Aim of the task —
A faithful, complete transcript of the entries below, without pictures, should be returned.

====== Records provided

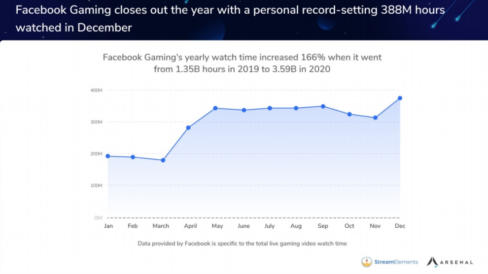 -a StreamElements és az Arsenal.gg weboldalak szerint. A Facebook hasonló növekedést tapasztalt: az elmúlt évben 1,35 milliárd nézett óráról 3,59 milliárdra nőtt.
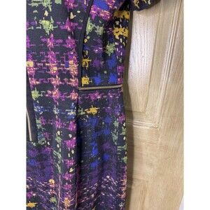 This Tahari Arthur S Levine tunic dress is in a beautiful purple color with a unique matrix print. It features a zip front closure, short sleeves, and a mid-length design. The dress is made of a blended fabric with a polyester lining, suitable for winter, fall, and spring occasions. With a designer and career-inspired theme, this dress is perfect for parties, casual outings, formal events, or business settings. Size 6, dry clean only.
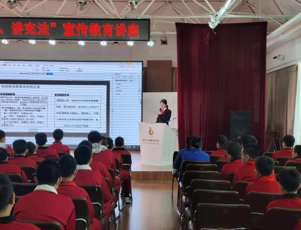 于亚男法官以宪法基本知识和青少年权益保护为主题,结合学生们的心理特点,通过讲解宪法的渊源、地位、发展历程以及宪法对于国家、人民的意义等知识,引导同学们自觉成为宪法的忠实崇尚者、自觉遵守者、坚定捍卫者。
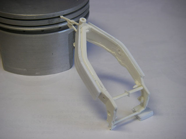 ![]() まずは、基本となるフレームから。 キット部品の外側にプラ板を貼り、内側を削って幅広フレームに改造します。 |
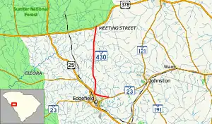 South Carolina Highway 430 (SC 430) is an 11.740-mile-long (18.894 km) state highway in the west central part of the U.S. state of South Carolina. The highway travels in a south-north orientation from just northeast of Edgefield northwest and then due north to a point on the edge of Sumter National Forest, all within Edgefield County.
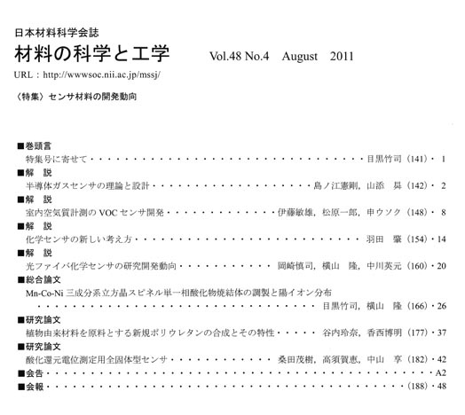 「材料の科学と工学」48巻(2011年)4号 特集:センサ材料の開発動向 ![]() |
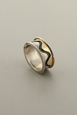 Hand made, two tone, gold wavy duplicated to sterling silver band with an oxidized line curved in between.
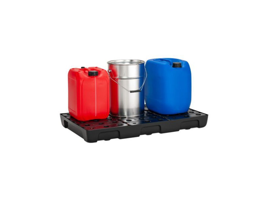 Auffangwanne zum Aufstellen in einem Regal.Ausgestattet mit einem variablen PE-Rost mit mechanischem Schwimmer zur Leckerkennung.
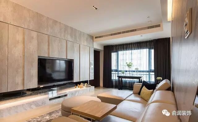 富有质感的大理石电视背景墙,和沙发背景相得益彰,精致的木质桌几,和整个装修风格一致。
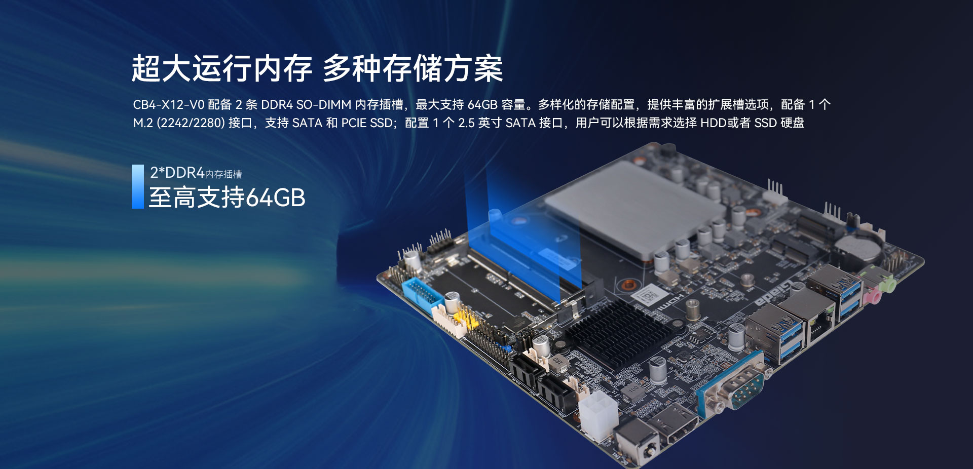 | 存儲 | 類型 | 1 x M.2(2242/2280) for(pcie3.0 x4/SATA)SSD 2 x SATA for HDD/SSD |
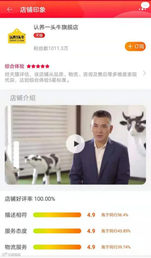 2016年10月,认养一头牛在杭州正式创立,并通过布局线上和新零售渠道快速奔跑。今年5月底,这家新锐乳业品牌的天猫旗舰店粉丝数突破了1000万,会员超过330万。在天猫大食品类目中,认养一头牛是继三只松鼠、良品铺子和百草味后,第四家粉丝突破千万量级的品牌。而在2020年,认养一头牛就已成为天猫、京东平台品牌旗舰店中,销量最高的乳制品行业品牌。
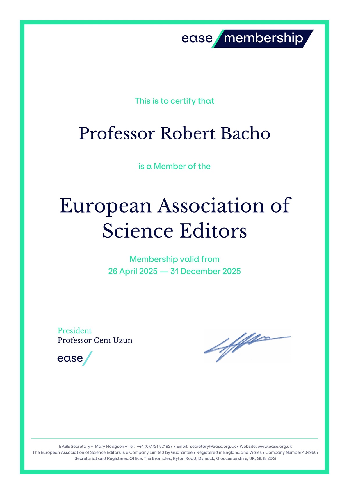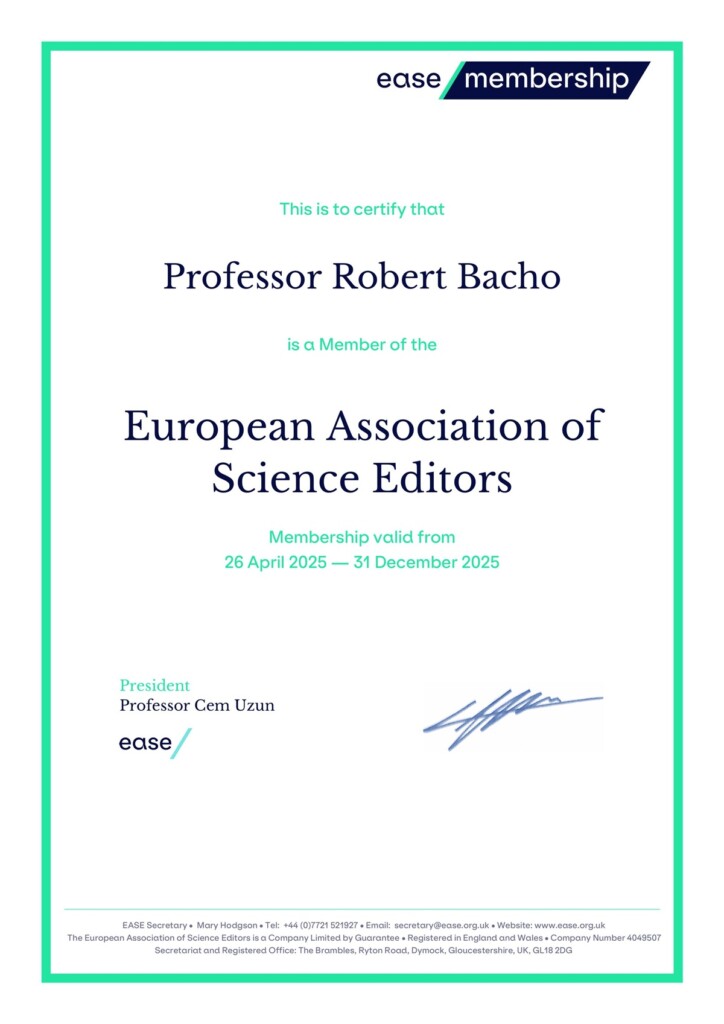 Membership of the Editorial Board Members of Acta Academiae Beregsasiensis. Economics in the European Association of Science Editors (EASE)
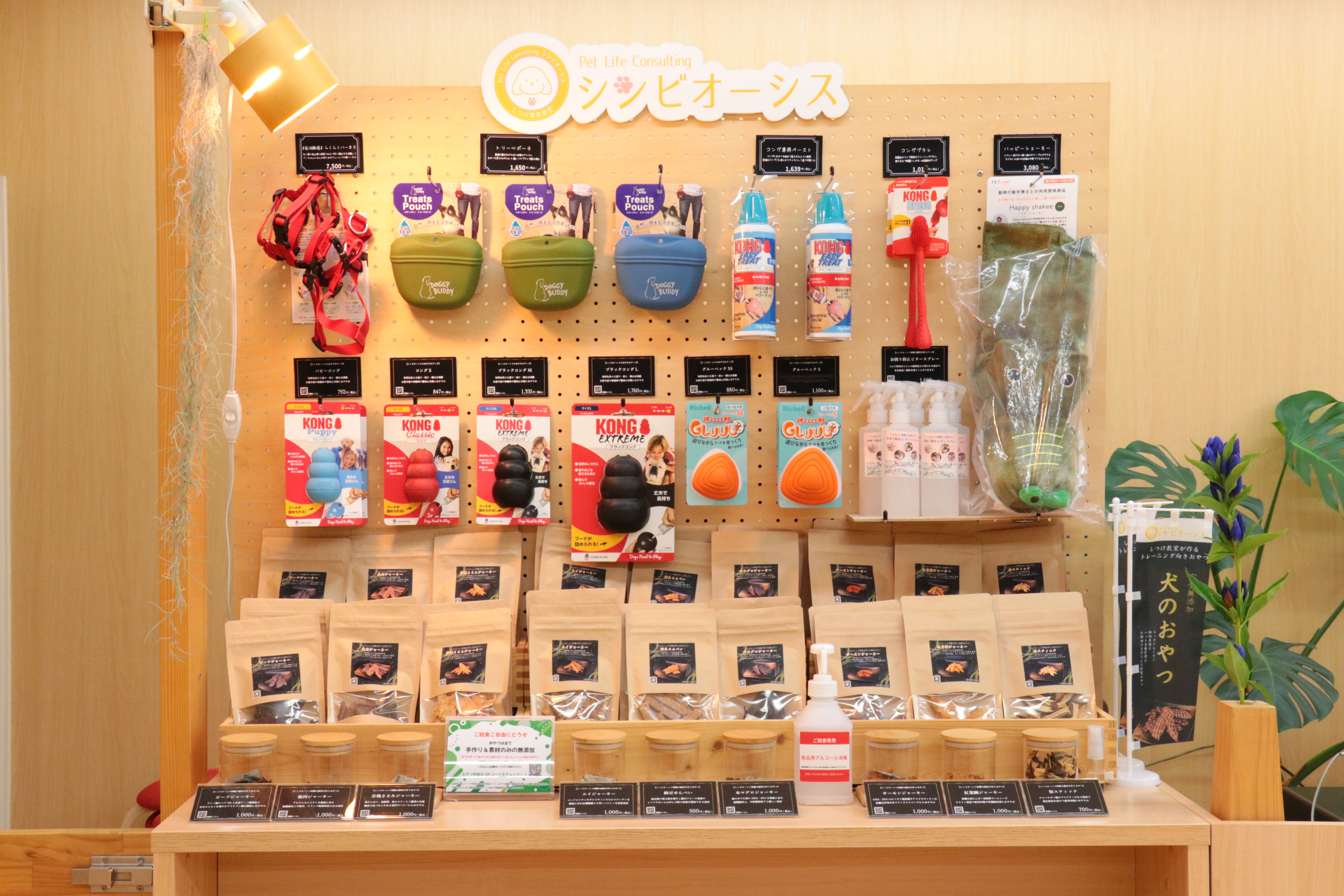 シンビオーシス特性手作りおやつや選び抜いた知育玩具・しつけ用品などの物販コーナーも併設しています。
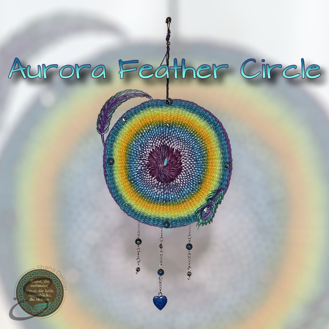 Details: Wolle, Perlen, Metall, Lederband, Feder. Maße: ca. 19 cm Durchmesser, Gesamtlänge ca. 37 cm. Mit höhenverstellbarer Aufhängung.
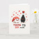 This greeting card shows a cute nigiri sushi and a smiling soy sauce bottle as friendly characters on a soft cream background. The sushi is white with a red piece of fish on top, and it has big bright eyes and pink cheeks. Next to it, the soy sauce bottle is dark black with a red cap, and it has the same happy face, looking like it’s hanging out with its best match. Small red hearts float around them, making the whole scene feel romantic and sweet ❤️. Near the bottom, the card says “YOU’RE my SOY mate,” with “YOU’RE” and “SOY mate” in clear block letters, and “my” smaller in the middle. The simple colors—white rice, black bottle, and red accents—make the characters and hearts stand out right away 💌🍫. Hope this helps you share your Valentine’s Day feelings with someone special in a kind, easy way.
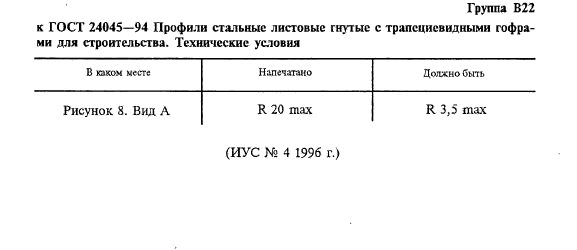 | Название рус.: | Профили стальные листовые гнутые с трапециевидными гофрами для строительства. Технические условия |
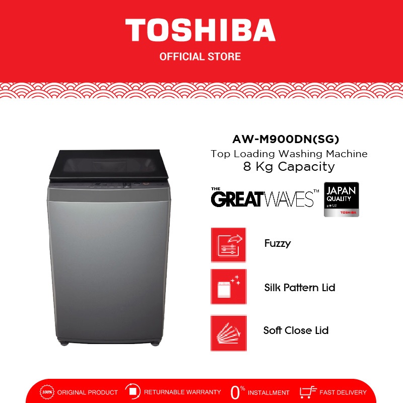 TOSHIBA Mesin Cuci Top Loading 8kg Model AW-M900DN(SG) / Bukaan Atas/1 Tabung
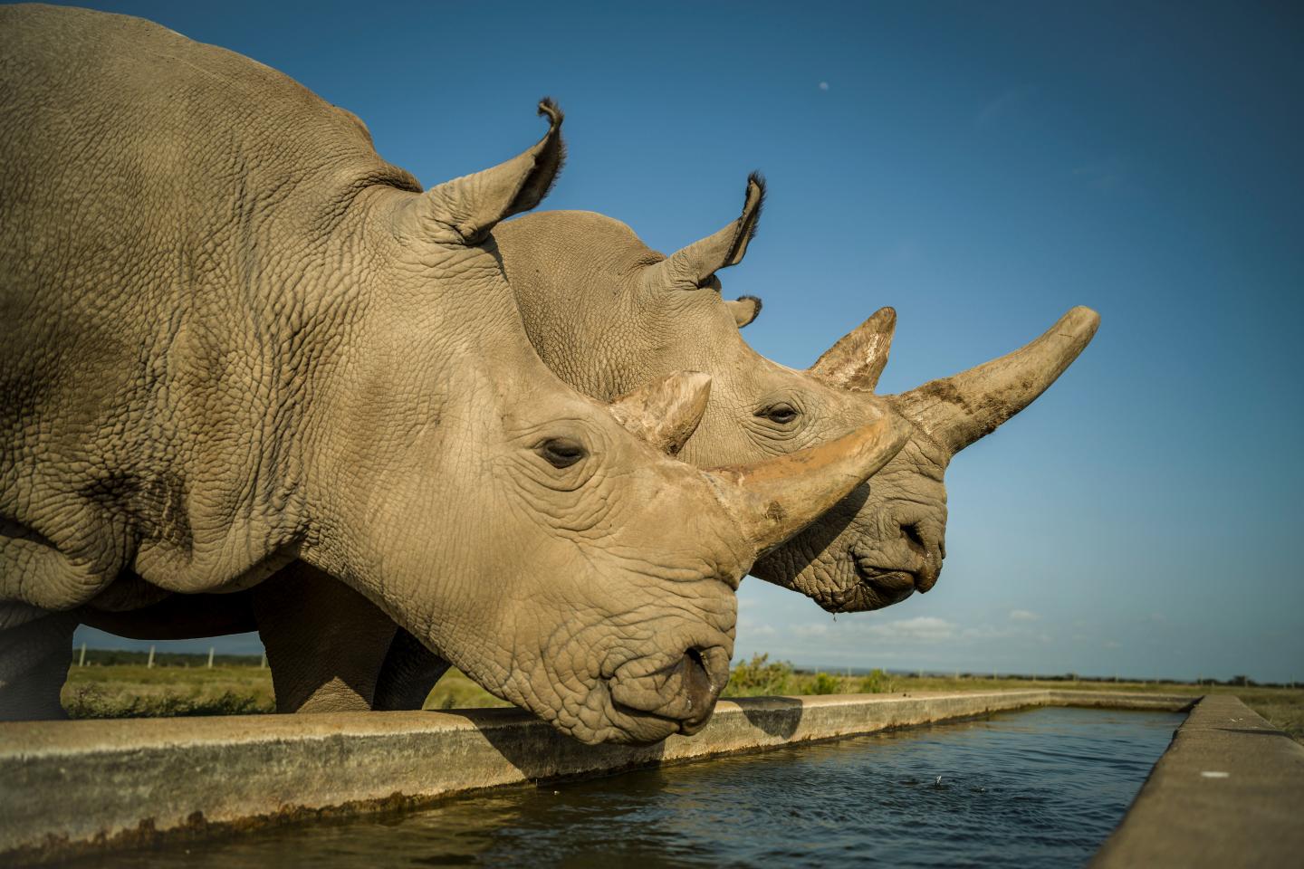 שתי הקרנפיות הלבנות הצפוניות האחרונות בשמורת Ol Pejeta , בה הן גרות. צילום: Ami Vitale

============

Answer to this exercise —
 -a StreamElements és az Arsenal.gg weboldalak szerint. A Facebook hasonló növekedést tapasztalt: az elmúlt évben 1,35 milliárd nézett óráról 3,59 milliárdra nőtt.
 This Tahari Arthur S Levine tunic dress is in a beautiful purple color with a unique matrix print. It features a zip front closure, short sleeves, and a mid-length design. The dress is made of a blended fabric with a polyester lining, suitable for winter, fall, and spring occasions. With a designer and career-inspired theme, this dress is perfect for parties, casual outings, formal events, or business settings. Size 6, dry clean only.
 于亚男法官以宪法基本知识和青少年权益保护为主题,结合学生们的心理特点,通过讲解宪法的渊源、地位、发展历程以及宪法对于国家、人民的意义等知识,引导同学们自觉成为宪法的忠实崇尚者、自觉遵守者、坚定捍卫者。
 ![]() まずは、基本となるフレームから。 キット部品の外側にプラ板を貼り、内側を削って幅広フレームに改造します。 |
 South Carolina Highway 430 (SC 430) is an 11.740-mile-long (18.894 km) state highway in the west central part of the U.S. state of South Carolina. The highway travels in a south-north orientation from just northeast of Edgefield northwest and then due north to a point on the edge of Sumter National Forest, all within Edgefield County.
 「材料の科学と工学」48巻(2011年)4号 特集:センサ材料の開発動向 ![]() |
 Hand made, two tone, gold wavy duplicated to sterling silver band with an oxidized line curved in between.
 Auffangwanne zum Aufstellen in einem Regal.Ausgestattet mit einem variablen PE-Rost mit mechanischem Schwimmer zur Leckerkennung.
 富有质感的大理石电视背景墙,和沙发背景相得益彰,精致的木质桌几,和整个装修风格一致。
 | 存儲 | 類型 | 1 x M.2(2242/2280) for(pcie3.0 x4/SATA)SSD 2 x SATA for HDD/SSD |
 2016年10月,认养一头牛在杭州正式创立,并通过布局线上和新零售渠道快速奔跑。今年5月底,这家新锐乳业品牌的天猫旗舰店粉丝数突破了1000万,会员超过330万。在天猫大食品类目中,认养一头牛是继三只松鼠、良品铺子和百草味后,第四家粉丝突破千万量级的品牌。而在2020年,认养一头牛就已成为天猫、京东平台品牌旗舰店中,销量最高的乳制品行业品牌。
 Membership of the Editorial Board Members of Acta Academiae Beregsasiensis. Economics in the European Association of Science Editors (EASE)
 シンビオーシス特性手作りおやつや選び抜いた知育玩具・しつけ用品などの物販コーナーも併設しています。
 Details: Wolle, Perlen, Metall, Lederband, Feder. Maße: ca. 19 cm Durchmesser, Gesamtlänge ca. 37 cm. Mit höhenverstellbarer Aufhängung.
 This greeting card shows a cute nigiri sushi and a smiling soy sauce bottle as friendly characters on a soft cream background. The sushi is white with a red piece of fish on top, and it has big bright eyes and pink cheeks. Next to it, the soy sauce bottle is dark black with a red cap, and it has the same happy face, looking like it’s hanging out with its best match. Small red hearts float around them, making the whole scene feel romantic and sweet ❤️. Near the bottom, the card says “YOU’RE my SOY mate,” with “YOU’RE” and “SOY mate” in clear block letters, and “my” smaller in the middle. The simple colors—white rice, black bottle, and red accents—make the characters and hearts stand out right away 💌🍫. Hope this helps you share your Valentine’s Day feelings with someone special in a kind, easy way.
 | Название рус.: | Профили стальные листовые гнутые с трапециевидными гофрами для строительства. Технические условия |
 TOSHIBA Mesin Cuci Top Loading 8kg Model AW-M900DN(SG) / Bukaan Atas/1 Tabung
 שתי הקרנפיות הלבנות הצפוניות האחרונות בשמורת Ol Pejeta , בה הן גרות. צילום: Ami Vitale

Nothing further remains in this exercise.